EXERCISE INSTRUCTIONS.
Once you find the line containing "清純甘くて女子力UP 細身効果抜群 キャミソール+ニットワンピース" in the data below, copy it and each following line exactly, up to and including the line containing "12月24日上午,17吃瓜网", and nothing else.

SUPPLIED INFORMATION.
────────

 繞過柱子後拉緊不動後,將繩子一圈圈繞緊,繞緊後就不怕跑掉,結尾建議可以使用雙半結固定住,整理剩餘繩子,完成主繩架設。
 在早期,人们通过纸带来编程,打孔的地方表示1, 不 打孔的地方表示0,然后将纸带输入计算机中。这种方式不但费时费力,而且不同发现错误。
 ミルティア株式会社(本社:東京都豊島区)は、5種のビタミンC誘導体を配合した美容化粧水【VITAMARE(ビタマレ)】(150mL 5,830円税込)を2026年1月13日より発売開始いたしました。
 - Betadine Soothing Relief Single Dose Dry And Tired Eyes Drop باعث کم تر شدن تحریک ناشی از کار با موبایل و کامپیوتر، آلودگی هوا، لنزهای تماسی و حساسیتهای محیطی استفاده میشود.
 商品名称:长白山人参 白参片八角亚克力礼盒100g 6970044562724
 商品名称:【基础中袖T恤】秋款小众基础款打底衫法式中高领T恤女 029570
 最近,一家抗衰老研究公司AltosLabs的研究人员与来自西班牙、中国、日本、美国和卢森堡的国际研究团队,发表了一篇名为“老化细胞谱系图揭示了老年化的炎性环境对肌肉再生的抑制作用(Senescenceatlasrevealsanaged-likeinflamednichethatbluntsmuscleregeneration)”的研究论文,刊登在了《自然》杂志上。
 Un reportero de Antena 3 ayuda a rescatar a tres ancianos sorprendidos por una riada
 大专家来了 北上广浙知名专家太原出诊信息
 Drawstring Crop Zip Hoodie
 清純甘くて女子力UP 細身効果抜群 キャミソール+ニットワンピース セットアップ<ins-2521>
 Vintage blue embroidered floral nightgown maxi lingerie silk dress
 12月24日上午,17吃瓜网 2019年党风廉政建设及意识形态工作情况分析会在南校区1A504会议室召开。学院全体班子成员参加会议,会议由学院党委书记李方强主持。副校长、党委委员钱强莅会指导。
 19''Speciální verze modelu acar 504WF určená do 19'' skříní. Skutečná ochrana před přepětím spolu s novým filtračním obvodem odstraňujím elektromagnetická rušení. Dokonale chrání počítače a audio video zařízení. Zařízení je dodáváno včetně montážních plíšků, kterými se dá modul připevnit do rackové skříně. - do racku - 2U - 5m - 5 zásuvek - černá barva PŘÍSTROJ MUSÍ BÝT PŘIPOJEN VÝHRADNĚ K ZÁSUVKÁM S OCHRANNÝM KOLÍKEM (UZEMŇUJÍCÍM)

────────

ANSWER FOR THIS EXERCISE.
 清純甘くて女子力UP 細身効果抜群 キャミソール+ニットワンピース セットアップ<ins-2521>
 Vintage blue embroidered floral nightgown maxi lingerie silk dress
 12月24日上午,17吃瓜网 2019年党风廉政建设及意识形态工作情况分析会在南校区1A504会议室召开。学院全体班子成员参加会议,会议由学院党委书记李方强主持。副校长、党委委员钱强莅会指导。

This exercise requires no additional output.